To kick off a series of posts about parallel programming in Common Lisp, let's first review what's available.

Two models for parallel programming

First, there are basically two models for parallel programming:

  • Parallelism based on threads (a.k.a. shared-memory model). Multiple threads are spawned by a single process. This is the most common approach in a multi-core machine. For example, we can spawn one computational thread per core. Memory can be shared among threads, so communications between computations is usually implemented by threads writing to shared memory spaces.

  • Parallelism based on message passing (a.k.a. distributed memory model). This is the most common and natural approach in a cluster of machines, because in a cluster of commodity machines, there's no hardware support for sharing RAM among multiple machines. Communication among computations is done by explicitly sending message structures according to some messaging protocol.

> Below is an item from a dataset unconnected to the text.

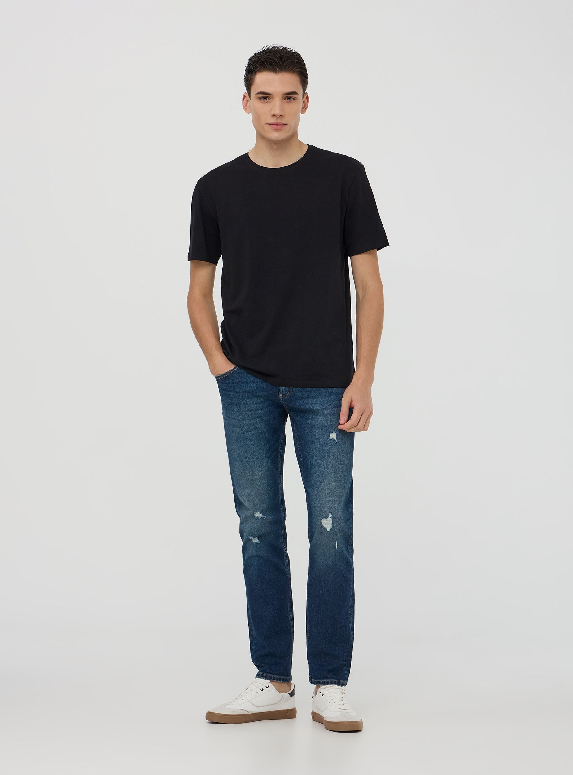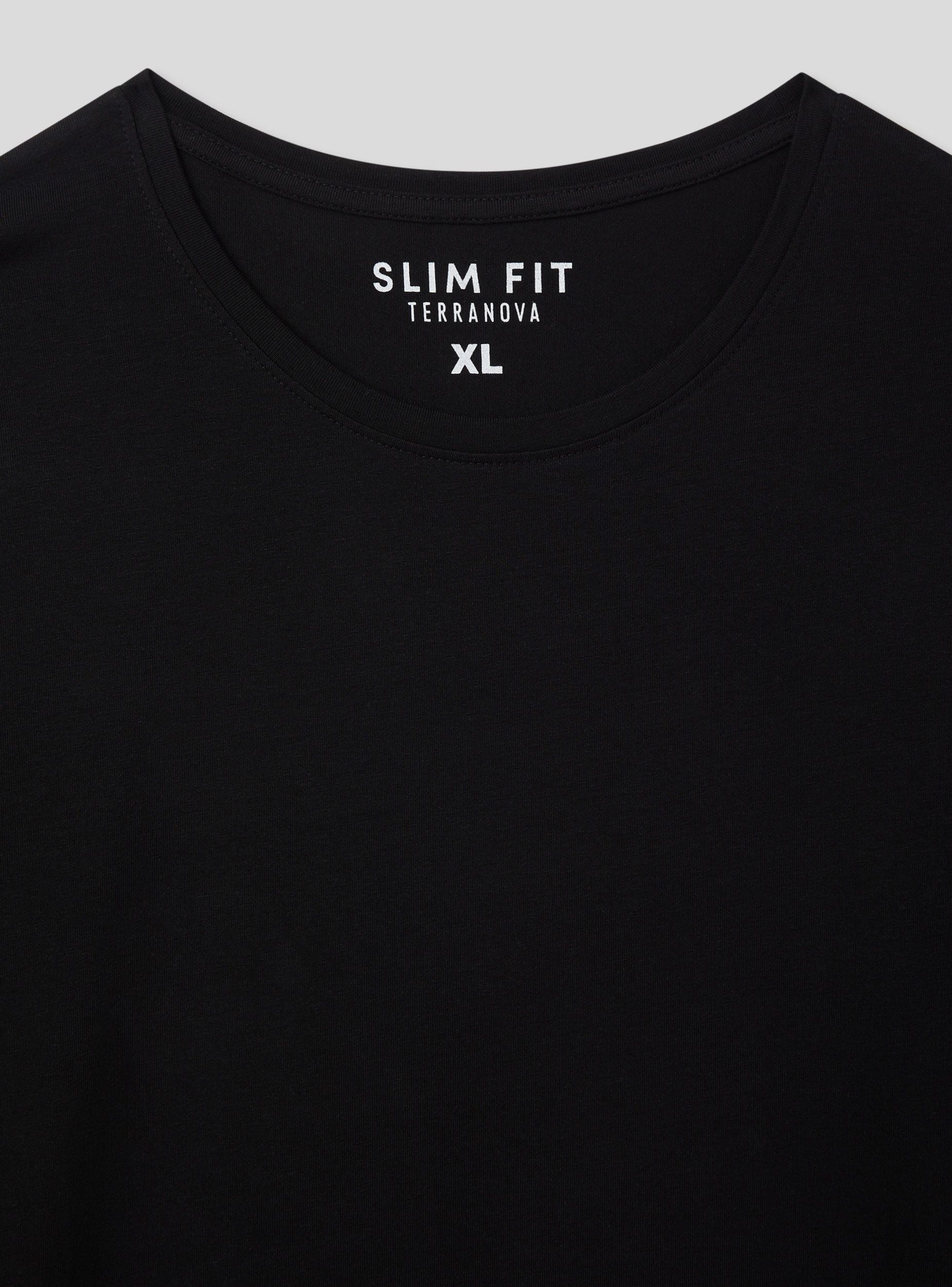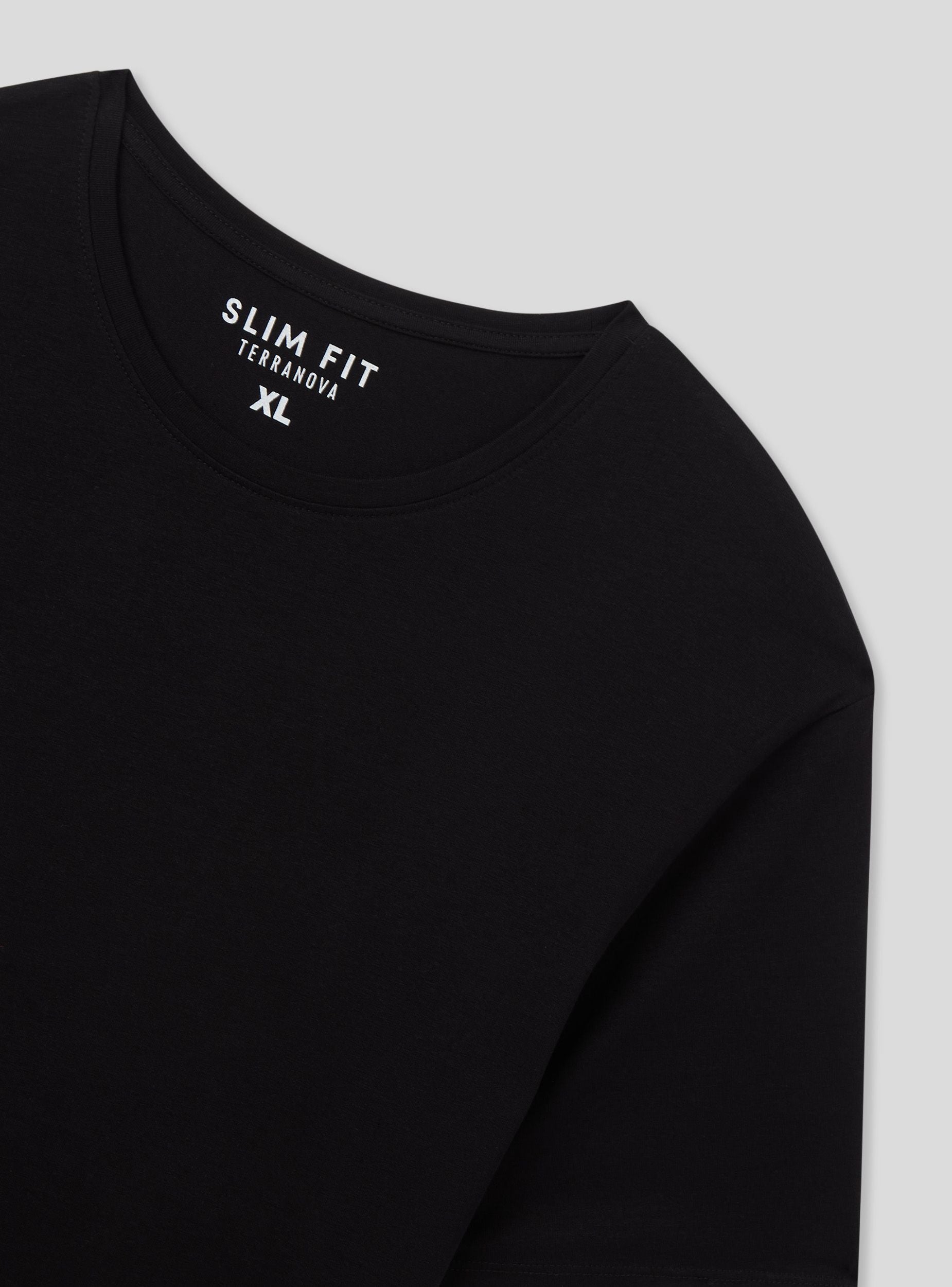 Të gjitha përshkrimet e mësipërme janë të përshtatshme për një bluzë për burra, ideale për një pamje të rastësishme dhe dinamike, e përsosur për kohën e lirë ose për një veshje sportive. E karakterizuar nga një përshtatje ngushtë dhe elastike, ka një dizajn me ngjyrë të vetme me mëngë të shkurtra dhe qafë rrethore. Një zgjedhje shumë funksionale për ata që kërkojnë komoditet dhe stil në çdo rast.

It is possible to mix these two models. That is, we can have message passing among multi-core machines, and within each machine, use thread-based parallelism.

Threads in Common Lisp

When discussing threads, we first have to distinguish between native threads and non-native threads. Native threads are handled by the operating system. Native threads allow us to take advantage of multiple cores. For example, in a 4-core machine, we can spawn 4 computational threads that are executed in parallel. Non-native threads are handled by the Lisp implementation, and do not allow true parallelism. If we spawn multiple non-native threads, they are executed sequentially (the threads yield control, usually cooperatively, to each other). So, when talking about parallel processing, we are really interested in native threads.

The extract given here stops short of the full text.